• TASK TO CARRY OUT:
Give again, unaltered, the line with "82.动态鼓谱 天下 电吉他版 鼓谱 架子鼓鼓谱 高清鼓谱(全谱)" and all lines that follow it in the listing below, minus any pictures.

• SOURCE DATA:
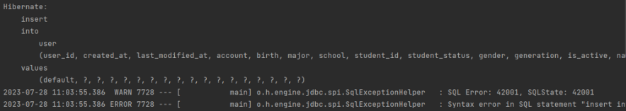 MySQL 로 테스트를 돌릴때는 정상적으로 잘 돌아갔다. 그런데 H2 DB 로 바꾸자마자 Syntax Error 가 발생하였다.
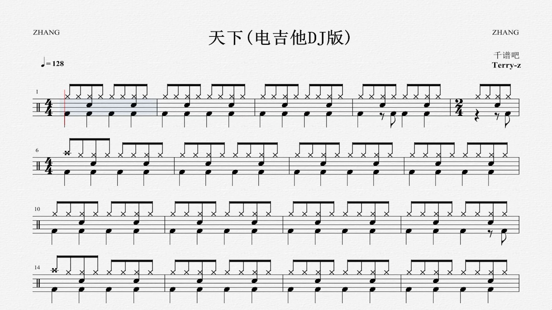 82.动态鼓谱 天下 电吉他版 鼓谱 架子鼓鼓谱 高清鼓谱(全谱)
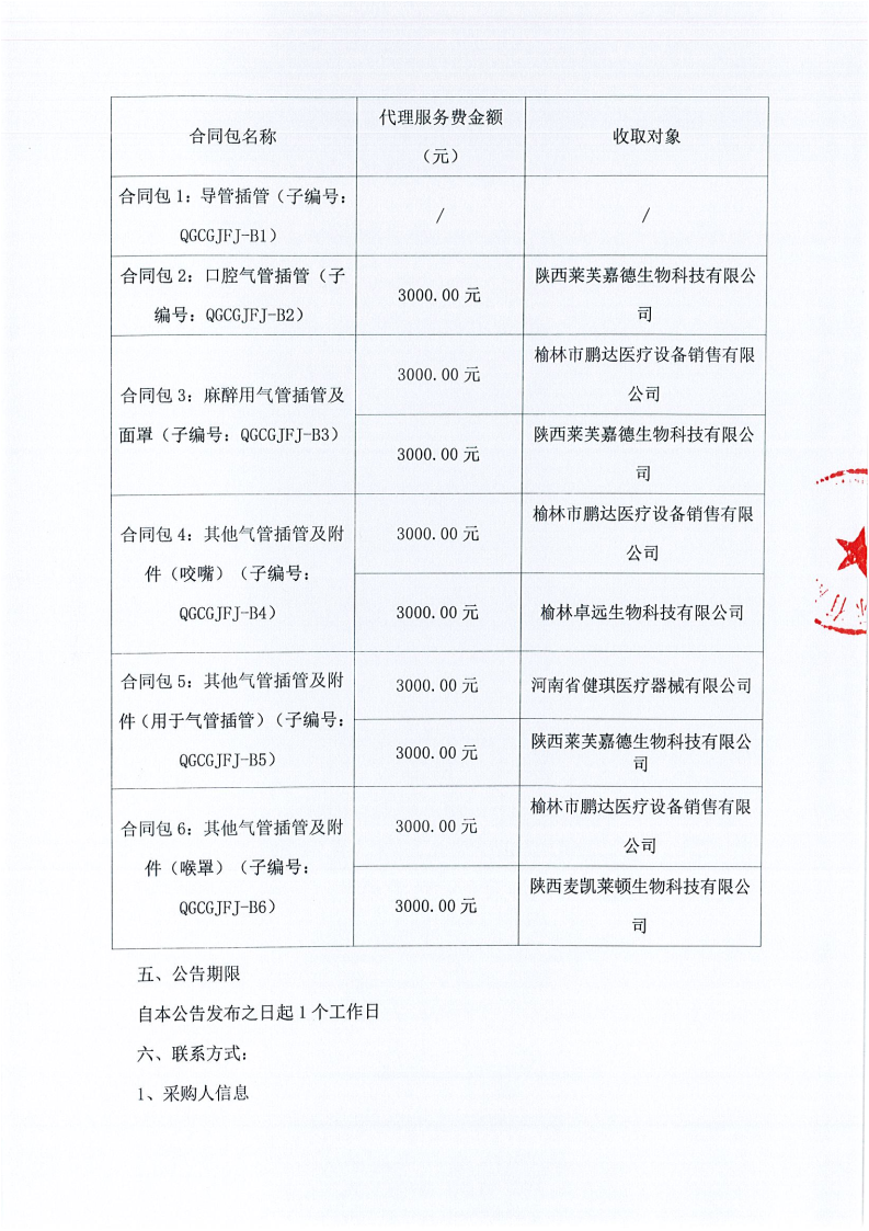 西安交通大学第一附属医院榆林医院医用耗材采购项目-基础卫生材料-气管插管及附件遴选(合同包1-6)院级磋商结果公告

• TASK SOLUTION:
 82.动态鼓谱 天下 电吉他版 鼓谱 架子鼓鼓谱 高清鼓谱(全谱)
 西安交通大学第一附属医院榆林医院医用耗材采购项目-基础卫生材料-气管插管及附件遴选(合同包1-6)院级磋商结果公告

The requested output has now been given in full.